"Hago todos los días mi "ratito" de oración: ¡si no fuera por eso!" (Camino, 106)

31 de julio de 2023

El mundo entero es altar para nosotros


 Evangelio (Mt 13, 31-35)


Les propuso otra parábola:

—El Reino de los Cielos es como un grano de mostaza que tomó un hombre y lo sembró en su campo; es, sin duda, la más pequeña de todas las semillas, pero cuando ha crecido es la mayor de las hortalizas, y llega a hacerse como un árbol, hasta el punto de que los pájaros del cielo acuden a anidar en sus ramas.


Les dijo otra parábola:

—El Reino de los Cielos es como la levadura que tomó una mujer y la mezcló con tres medidas de harina, hasta que fermentó todo.

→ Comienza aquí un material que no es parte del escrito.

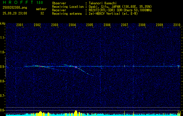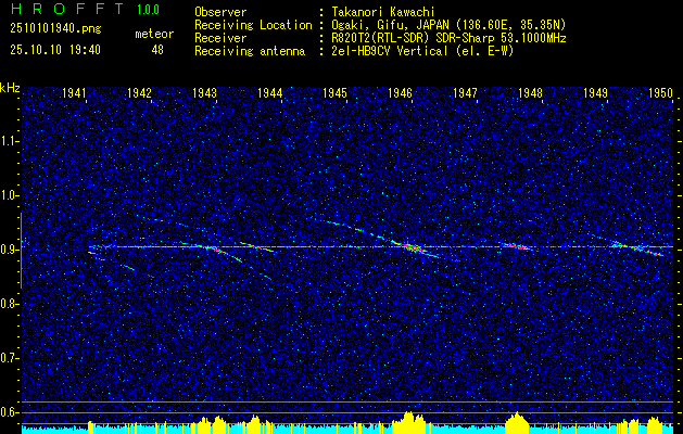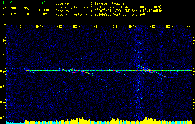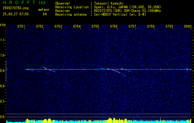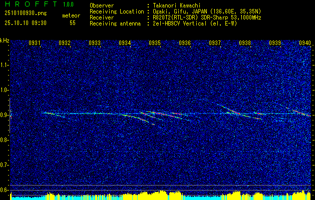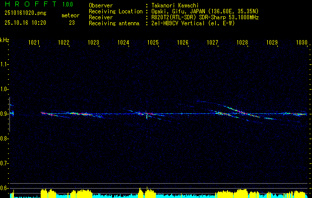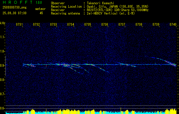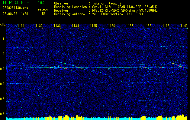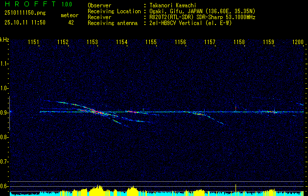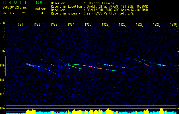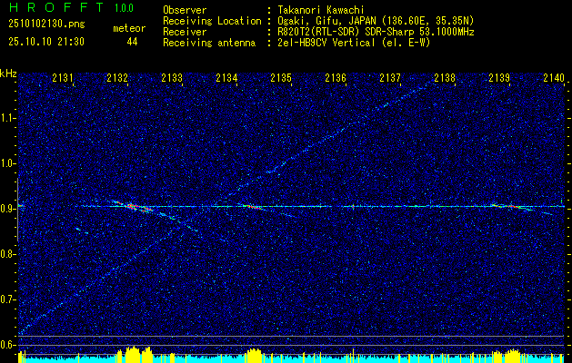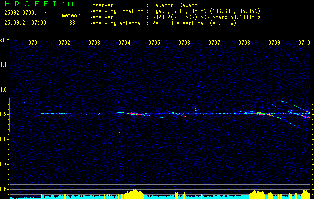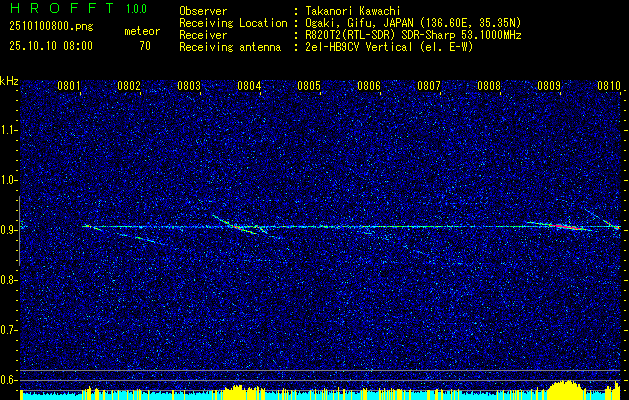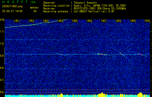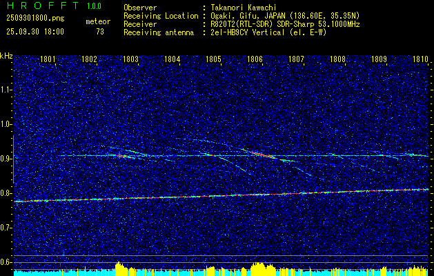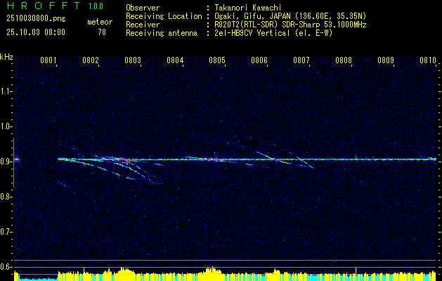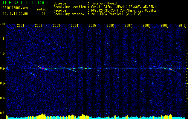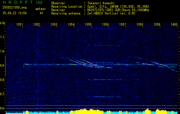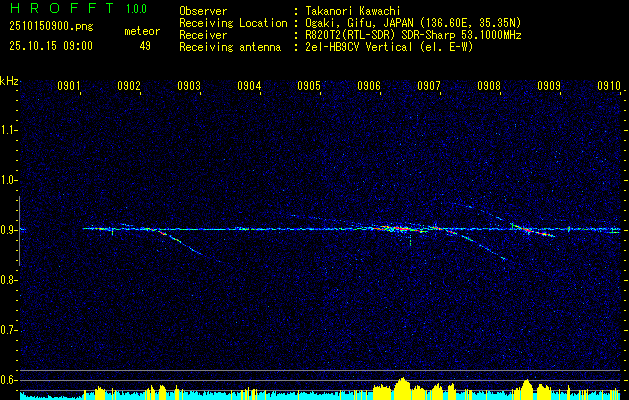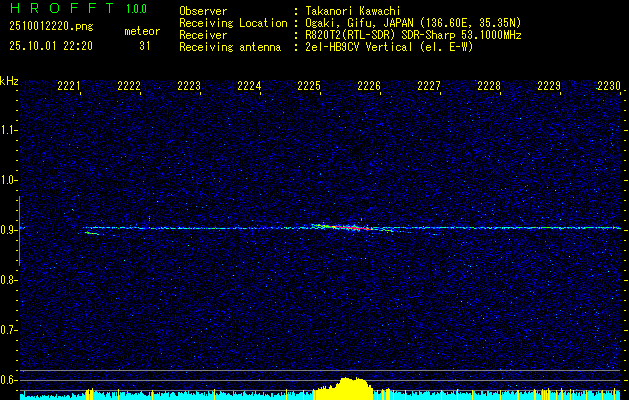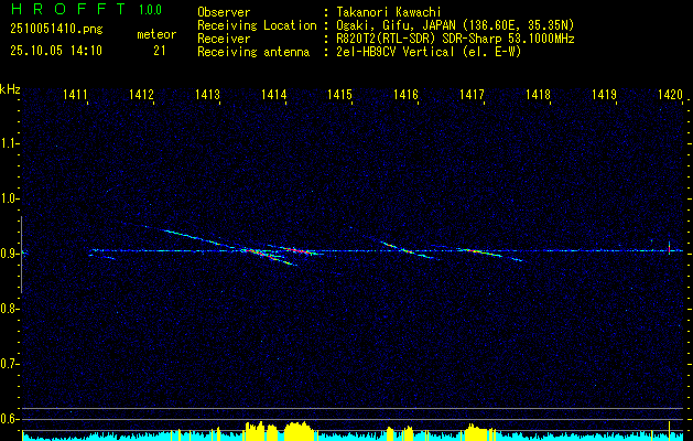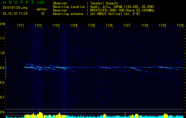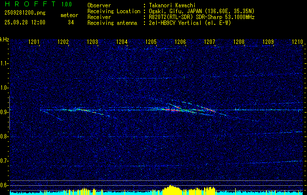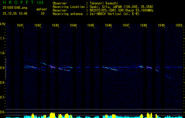 0.9kHz附近に発生している『点』または『塊』が流星によるエコーです.
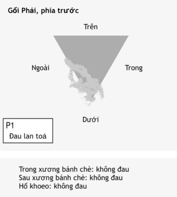 - Đau lan tỏa “không thể chỉ chính xác được”, ở bên ngoài và bên dưới xương bánh chè (xem hình vẽ)

Todas estas cosas habló Jesús a las multitudes con parábolas y no les solía hablar nada sin parábolas, para que se cumpliese lo dicho por medio del Profeta:


Abriré mi boca con parábolas,

proclamaré las cosas que estaban ocultas

desde la creación del mundo.



PARA TU RATO DE ORACION 


Nosotros queremos seguir al Señor, y deseamos difundir su Palabra. Humanamente hablando, es lógico que nos preguntemos también: pero, ¿qué somos, para tanta gente? En comparación con el número de habitantes de la tierra, aunque nos contemos por millones, somos pocos. Por eso, nos hemos de ver como una pequeña levadura que está preparada y dispuesta para hacer el bien a la humanidad entera, recordando las palabras del Apóstol: un poco de levadura fermenta toda la masa, la transforma. Necesitamos aprender a ser ese fermento, esa levadura, para modificar y transformar la multitud.


¿Acaso el fermento es naturalmente mejor que la masa? No. Pero la levadura es el medio para que la masa se elabore, convirtiéndose en alimento comestible y sano.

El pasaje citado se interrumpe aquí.